Your supply of publications by mail or electronically from overseas to Australian clients will not be connected with Australia. Paragraph 9-5 (c) of the GST Act will therefore not be satisfied.

For more information on 'supply connected with Australia' refer to the Goods and Services Tax public ruling GSTR 2000/31 which is available from the legal database of www.ato.gov.au

Paragraph 9-5(d) of the GST Act

Under section 23-5 of the GST Act you are required to be registered for GST if:

    a) you are carrying on an enterprise; and

    b) your GST turnover meets the registration turnover threshold which currently is $75,000 and $150,000 for non-profit organisation.

Under subsections 188-15(3) and 188-20(3) of the GST Act, supplies that are not connected with Australia are disregarded when calculating the current and projected GST annual turnovers.

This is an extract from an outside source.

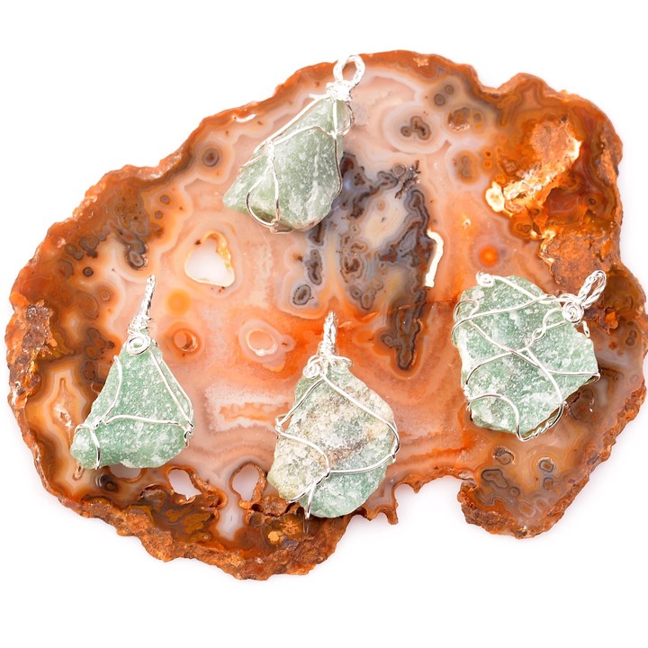 Raw Aventurin Stone Kolye-Tel Sarızli

You will satisfy this paragraph as currently you are registered for GST.

However, when you will start carrying on your business overseas and making your supplies from overseas, you will not be required to be registered for GST as your supplies from overseas will not be connected with Australia and therefore, will not be included in the calculation of your current and projected GST annual turnover. In this instance you can cancel your GST registration as you will not be required to be registered for GST. Accordingly, where you cancel your GST registration this paragraph will not be satisfied.

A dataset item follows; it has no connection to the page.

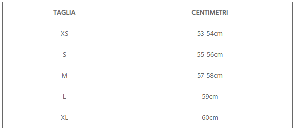 - Taglie: XS (53-54cm), S (55-56cm),M (57-58cm), L (59cm), XL (60cm), XXL (61cm)

For more information on GST turnover refer to the GST public ruling GSTR 2001/7 which is available from the legal database of www.ato.gov.au

Summary

Your supply of publications from overseas to Australian clients will not be subject to GST as your supply will not be a taxable supply under section 9-5 of the GST Act.

Other information

When you cease business in Australia you need to cancel your ABN and GST registration. Before doing this, make sure you have met all your lodgement, reporting and payment obligations such as lodging your activity statements.

Cancellation of GST registration and ABN can be done by phoning 13 28 66 between 8.00a.m and 6.00p.m Monday to Friday.

We recommend that you refer to the fact sheet 'selling or closing your business' which is available at www.ato.gov.au before you cancel your ABN and GST registration as it provides guidance what tax matters you may need to deal with when you stop operating your business in Australia.